* What needs to be done *
Leave out all pictures while you copy the lines exactly from the one with "关于完美网页版2025年全区" through the last line of the listing.

+++ Excerpted data

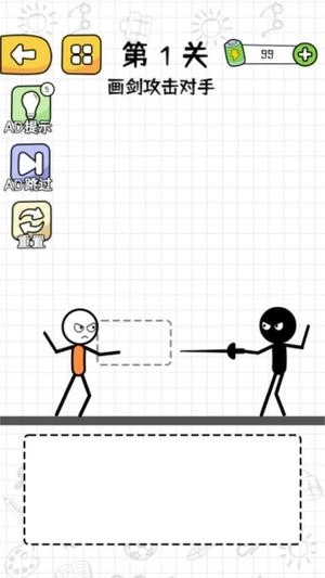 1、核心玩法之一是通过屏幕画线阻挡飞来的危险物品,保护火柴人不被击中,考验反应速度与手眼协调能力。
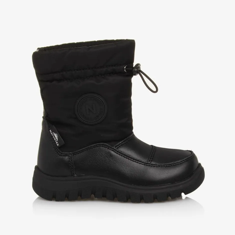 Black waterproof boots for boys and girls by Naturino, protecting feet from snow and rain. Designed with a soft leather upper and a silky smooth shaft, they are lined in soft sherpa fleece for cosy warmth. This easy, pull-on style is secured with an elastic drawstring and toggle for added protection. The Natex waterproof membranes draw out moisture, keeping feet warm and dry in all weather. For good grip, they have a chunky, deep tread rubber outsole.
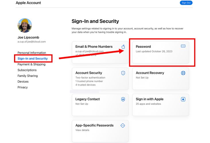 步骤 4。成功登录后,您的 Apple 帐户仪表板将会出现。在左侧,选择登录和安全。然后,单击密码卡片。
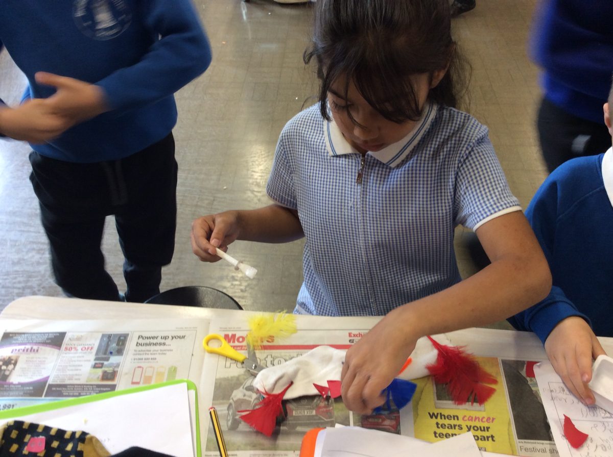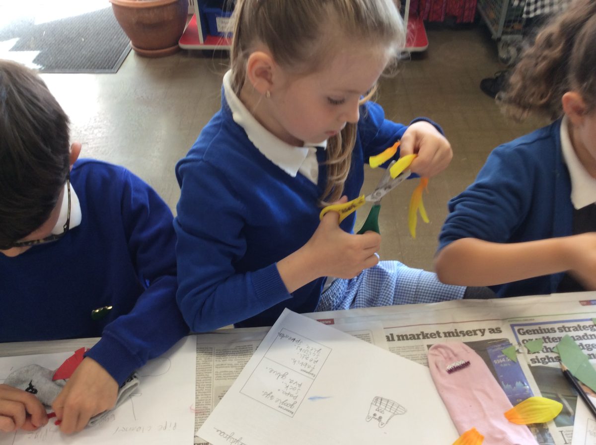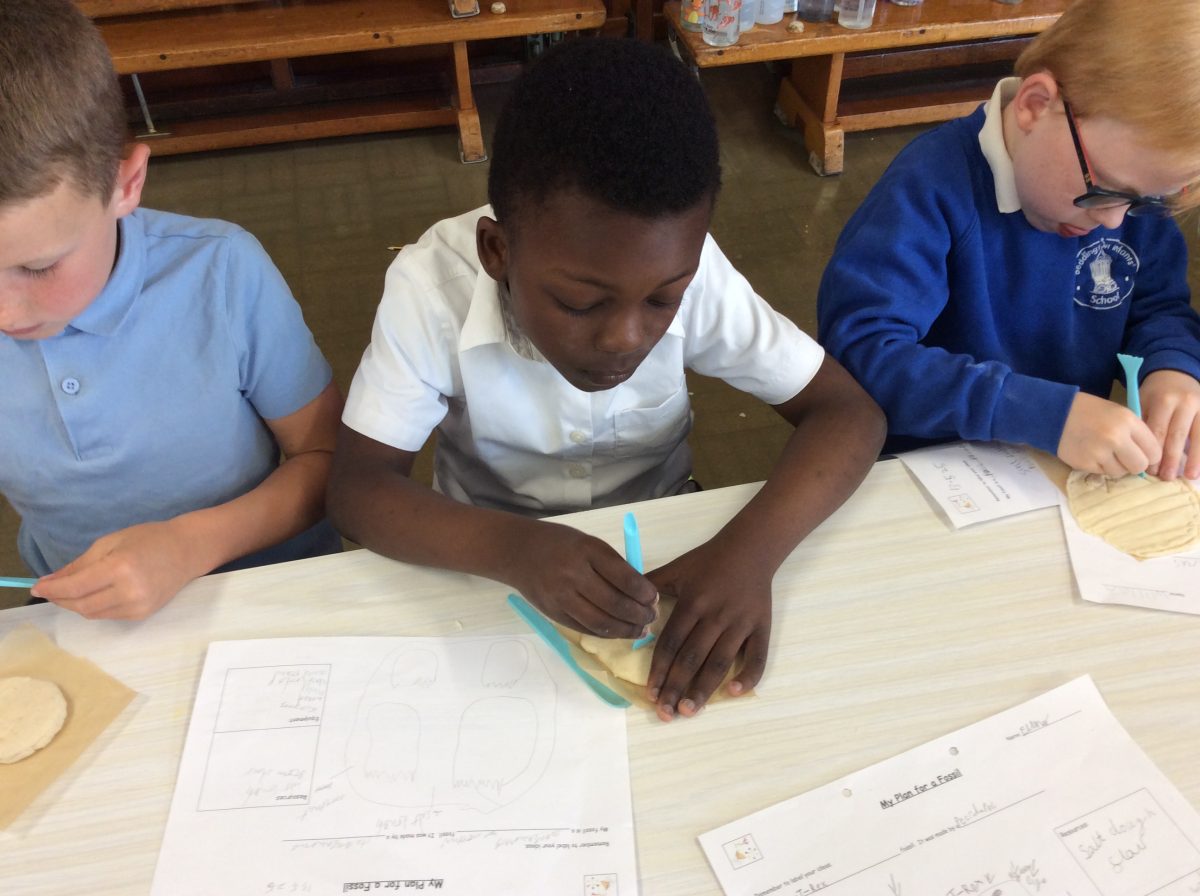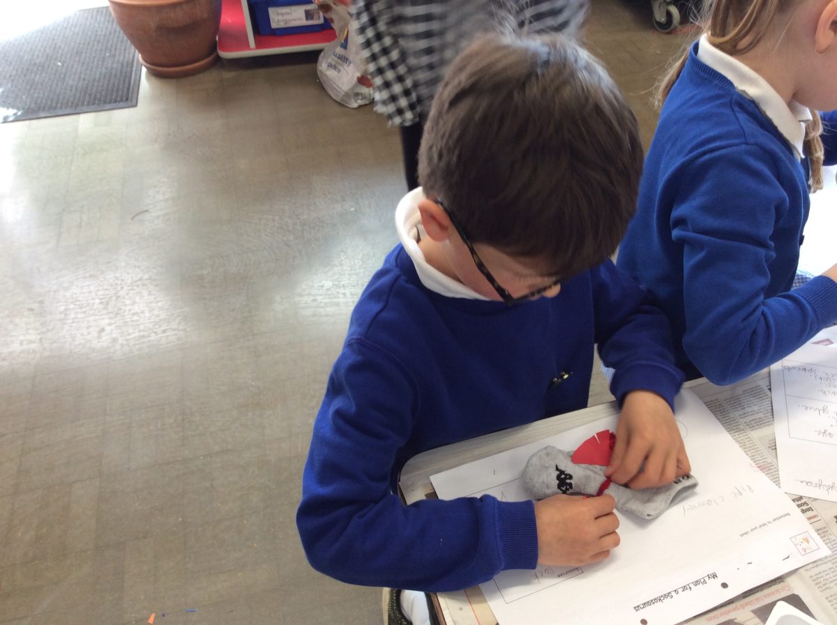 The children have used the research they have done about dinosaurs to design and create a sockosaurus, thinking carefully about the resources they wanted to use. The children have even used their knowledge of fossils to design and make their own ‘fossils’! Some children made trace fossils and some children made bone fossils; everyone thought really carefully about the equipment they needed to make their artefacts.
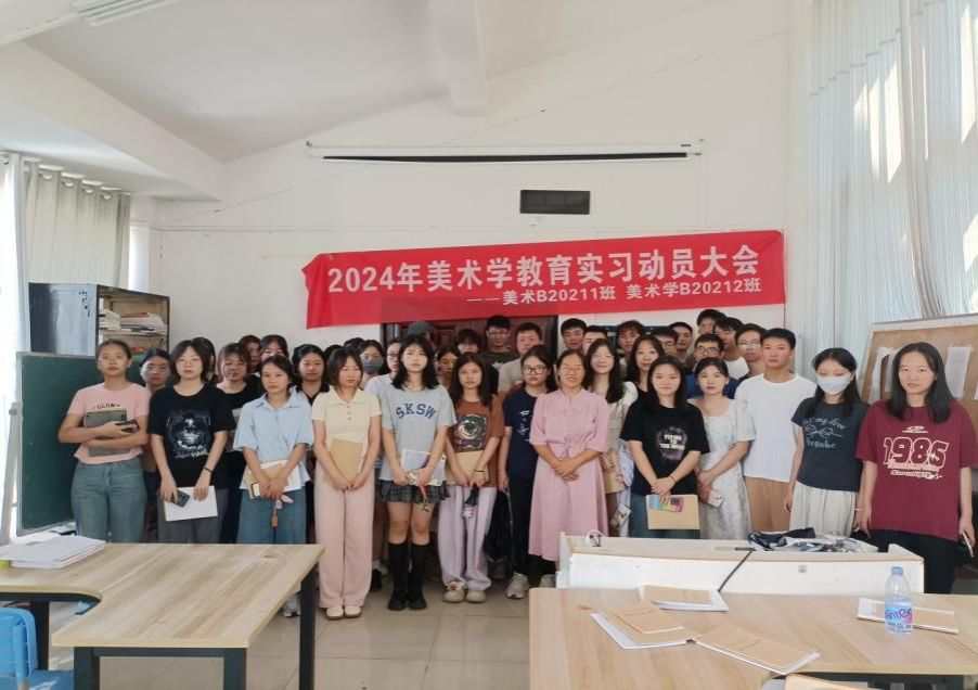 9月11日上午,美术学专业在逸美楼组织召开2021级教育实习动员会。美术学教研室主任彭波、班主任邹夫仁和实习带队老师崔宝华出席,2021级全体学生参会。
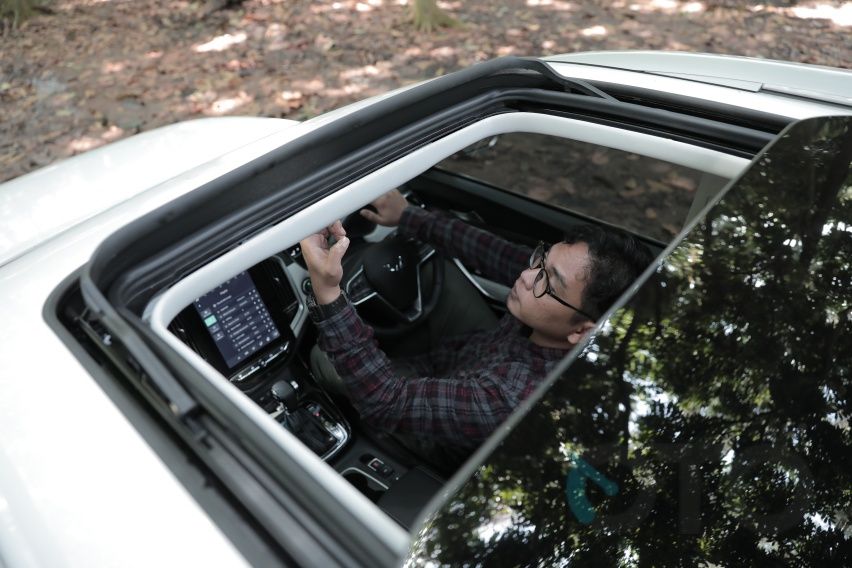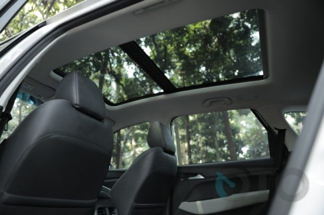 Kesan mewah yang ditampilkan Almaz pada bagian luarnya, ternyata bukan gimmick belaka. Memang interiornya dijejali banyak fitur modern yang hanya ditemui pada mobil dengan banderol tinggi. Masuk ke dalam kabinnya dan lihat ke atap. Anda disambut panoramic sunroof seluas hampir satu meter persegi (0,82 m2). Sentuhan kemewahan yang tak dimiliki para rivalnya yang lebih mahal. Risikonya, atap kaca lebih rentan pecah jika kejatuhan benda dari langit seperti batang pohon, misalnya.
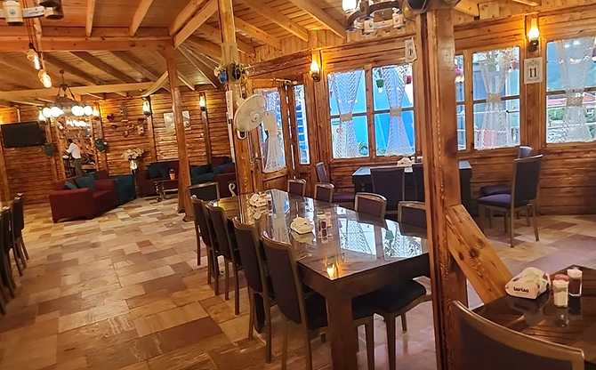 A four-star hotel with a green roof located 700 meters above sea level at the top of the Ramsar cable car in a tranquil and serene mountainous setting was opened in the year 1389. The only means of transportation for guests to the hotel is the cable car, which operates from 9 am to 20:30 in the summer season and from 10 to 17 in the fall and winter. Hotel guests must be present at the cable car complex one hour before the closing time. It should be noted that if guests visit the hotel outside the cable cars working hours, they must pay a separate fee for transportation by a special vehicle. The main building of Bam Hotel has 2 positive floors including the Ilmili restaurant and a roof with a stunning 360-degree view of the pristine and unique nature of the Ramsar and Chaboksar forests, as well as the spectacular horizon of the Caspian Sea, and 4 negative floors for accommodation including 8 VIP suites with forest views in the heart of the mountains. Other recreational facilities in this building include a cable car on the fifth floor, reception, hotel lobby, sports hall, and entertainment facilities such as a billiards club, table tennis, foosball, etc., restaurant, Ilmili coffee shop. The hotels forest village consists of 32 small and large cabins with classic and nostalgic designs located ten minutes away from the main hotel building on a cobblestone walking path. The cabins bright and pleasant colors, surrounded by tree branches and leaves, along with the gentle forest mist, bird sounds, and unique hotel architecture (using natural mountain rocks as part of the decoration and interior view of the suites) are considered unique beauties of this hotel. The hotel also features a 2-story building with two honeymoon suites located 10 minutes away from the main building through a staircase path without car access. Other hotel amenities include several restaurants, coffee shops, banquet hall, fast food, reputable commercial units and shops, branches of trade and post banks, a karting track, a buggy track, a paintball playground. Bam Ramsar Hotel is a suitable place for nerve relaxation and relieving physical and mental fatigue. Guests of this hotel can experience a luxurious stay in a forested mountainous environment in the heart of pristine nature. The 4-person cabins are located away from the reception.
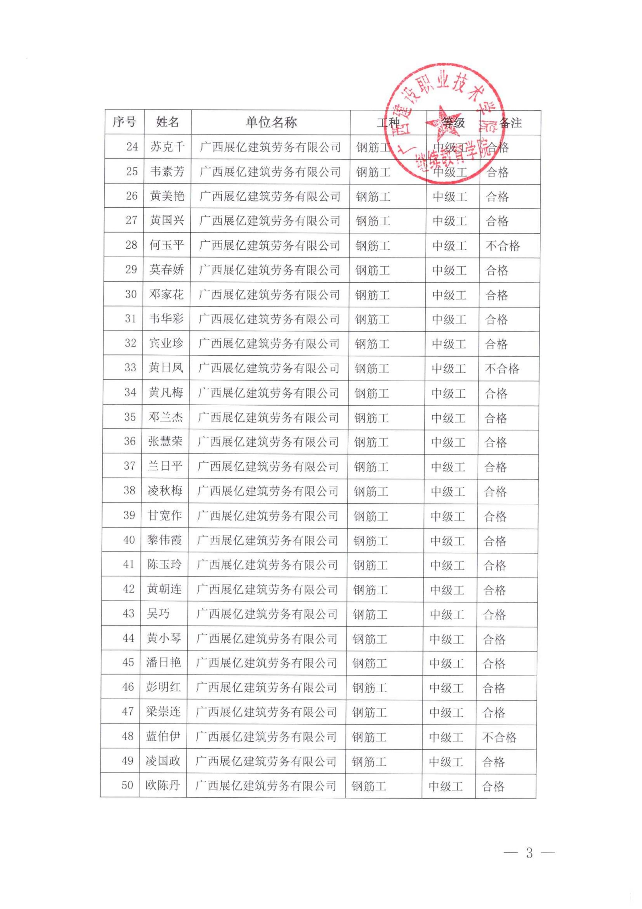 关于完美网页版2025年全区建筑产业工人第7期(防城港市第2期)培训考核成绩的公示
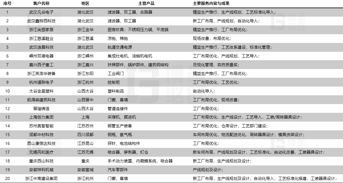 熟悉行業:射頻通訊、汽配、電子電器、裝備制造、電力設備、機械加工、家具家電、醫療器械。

++++++

* Result of the exercise *
 关于完美网页版2025年全区建筑产业工人第7期(防城港市第2期)培训考核成绩的公示
 熟悉行業:射頻通訊、汽配、電子電器、裝備制造、電力設備、機械加工、家具家電、醫療器械。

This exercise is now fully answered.